A diagram of two weeks of incidents

(Larger boxes are longer, darker boxes are higher-impact; see last week’s bulletin for details about the top row of incidents).

  • May 7: NATS Storm (5:30EST): Some components of our platform, most notably log-shipping, run on top of the NATS messaging system. We’ve been fighting with NATS reliability issues for the past several months, and one thing we’ve needed to do is upgrade the fleet NATS version; more recent NATS releases have a number of bug fixes. We did a staged deployment of 2.10; it looked fine; we rolled it out further; it generated a 1.7tb/s (that’s ‘t’, with a ‘t’) message storm. Server CPU (on a small number of servers) buckled long before the network did; some users would have seen increased CPU steal and degraded performance. Log shipping was totally disrupted for about an hour.

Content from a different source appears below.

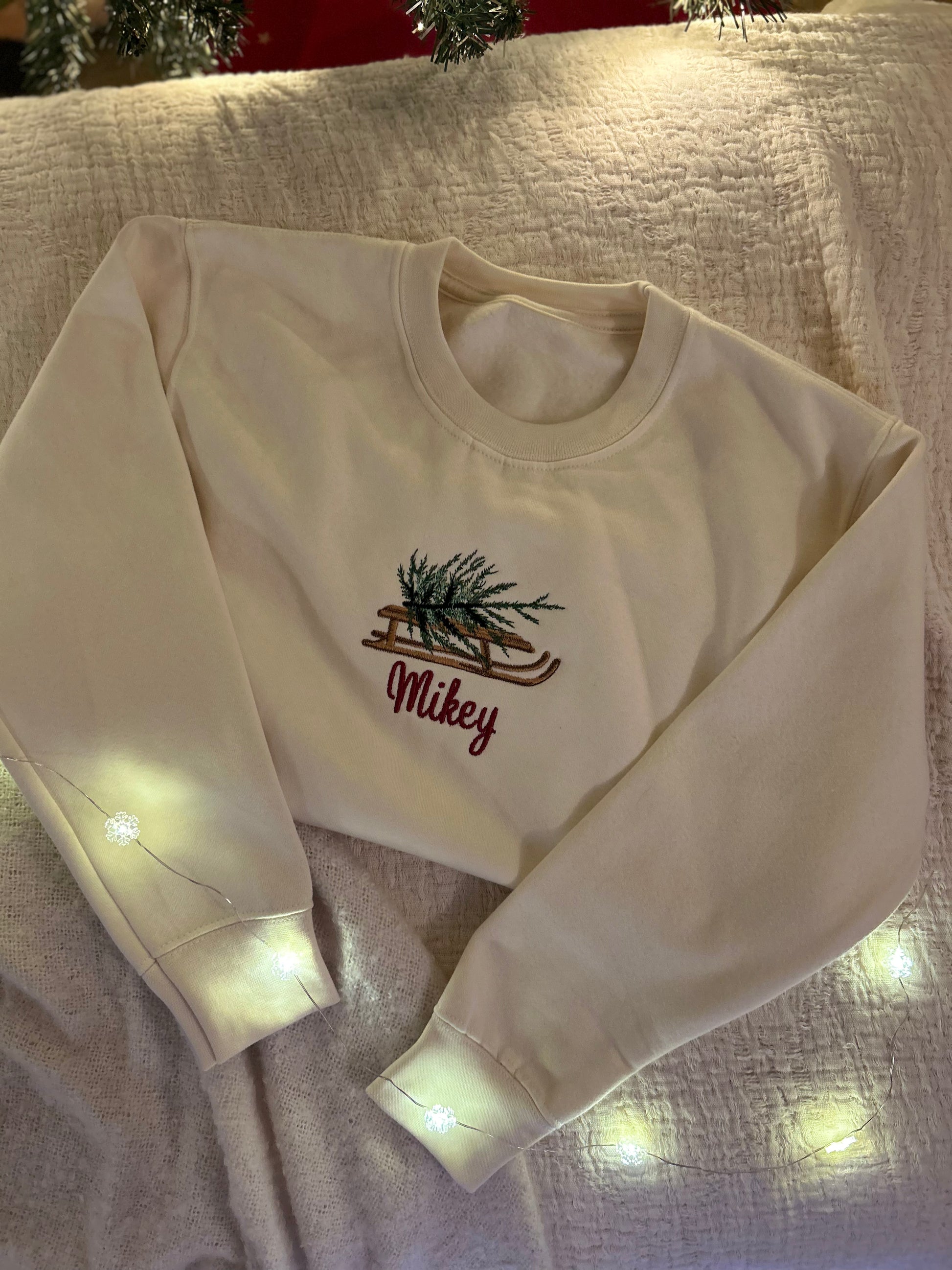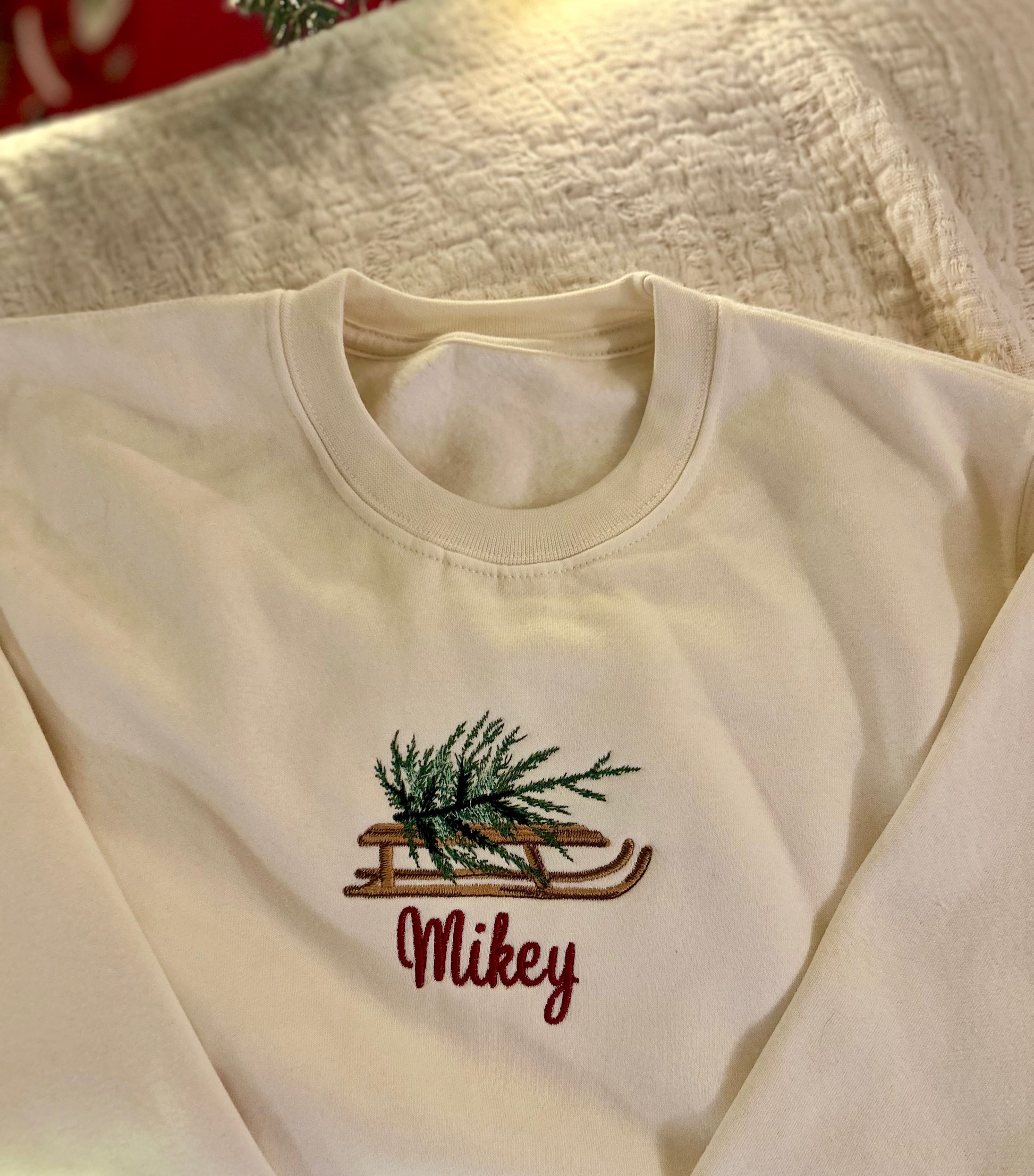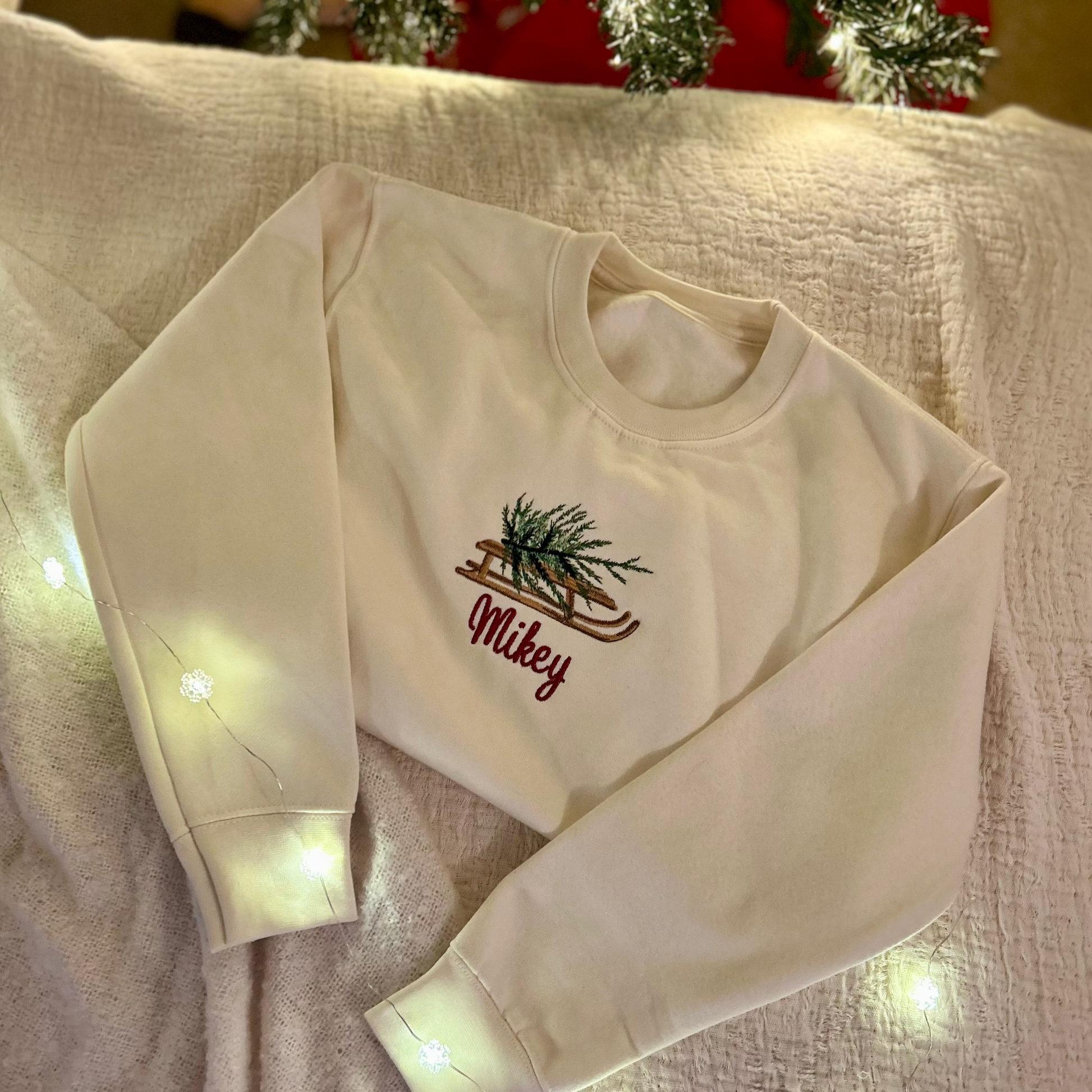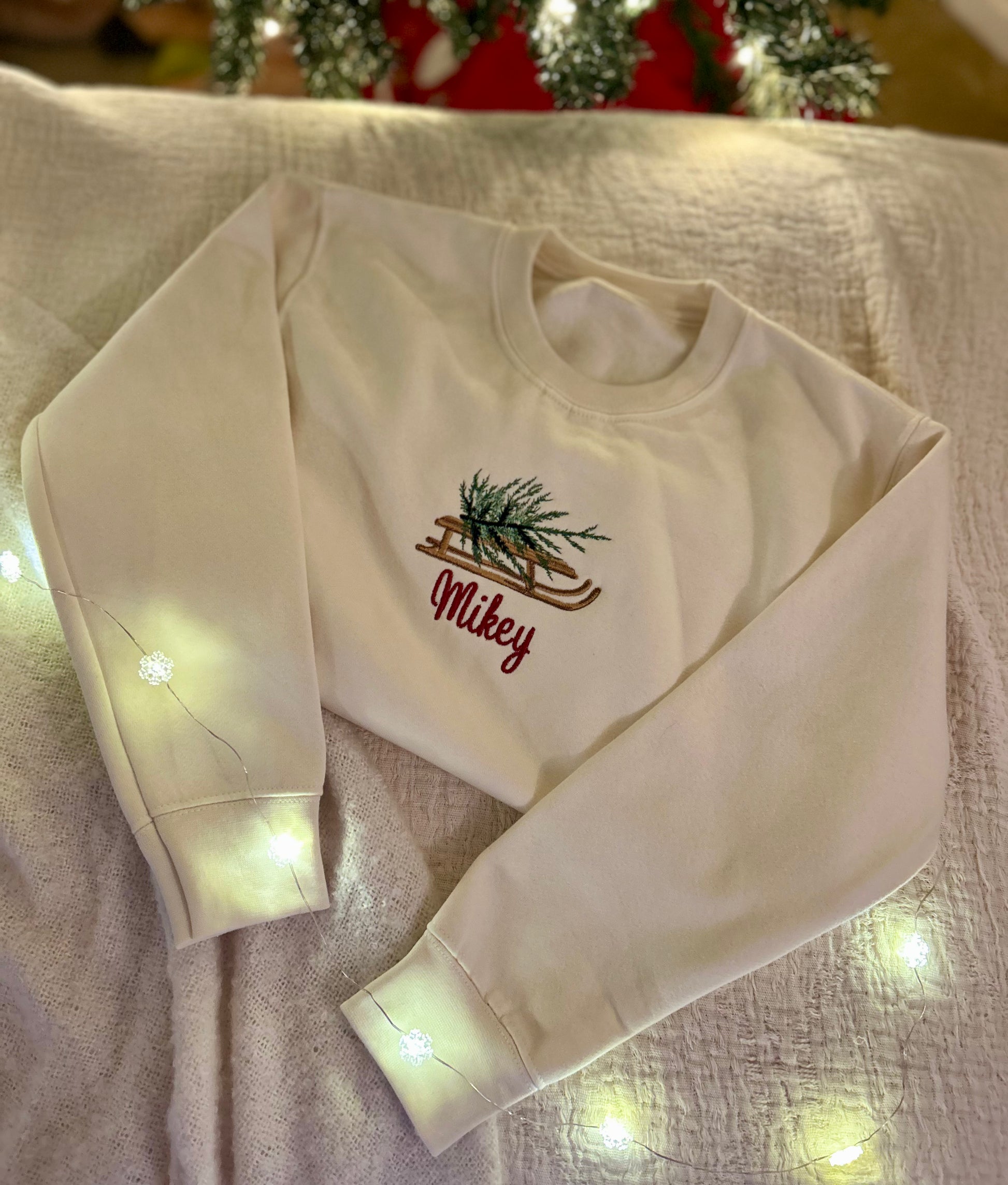 Our vintage sled carries the Christmas tree home, with your child’s name stitched below. Subtle, nostalgic tones make this an instant keepsake.

  • May 8: Vault Certificate Breakage (7AM EST): The primary backend for secret storage at Fly.io is currently Hashicorp Vault (which is great). When Fly Machines start up, flyd, our orchestrator, fetches secrets from Vault to merge into the configuration. Vault is locked down with mTLS across our fleet; you need a client cert to talk to it at all. Due to a leaf/intermediate certificate configuration issue (we’re not even going to attempt to explain it), client certs across our fleet were invalidated, preventing flyd from fetching secrets, which prevented Fly Machines from booting.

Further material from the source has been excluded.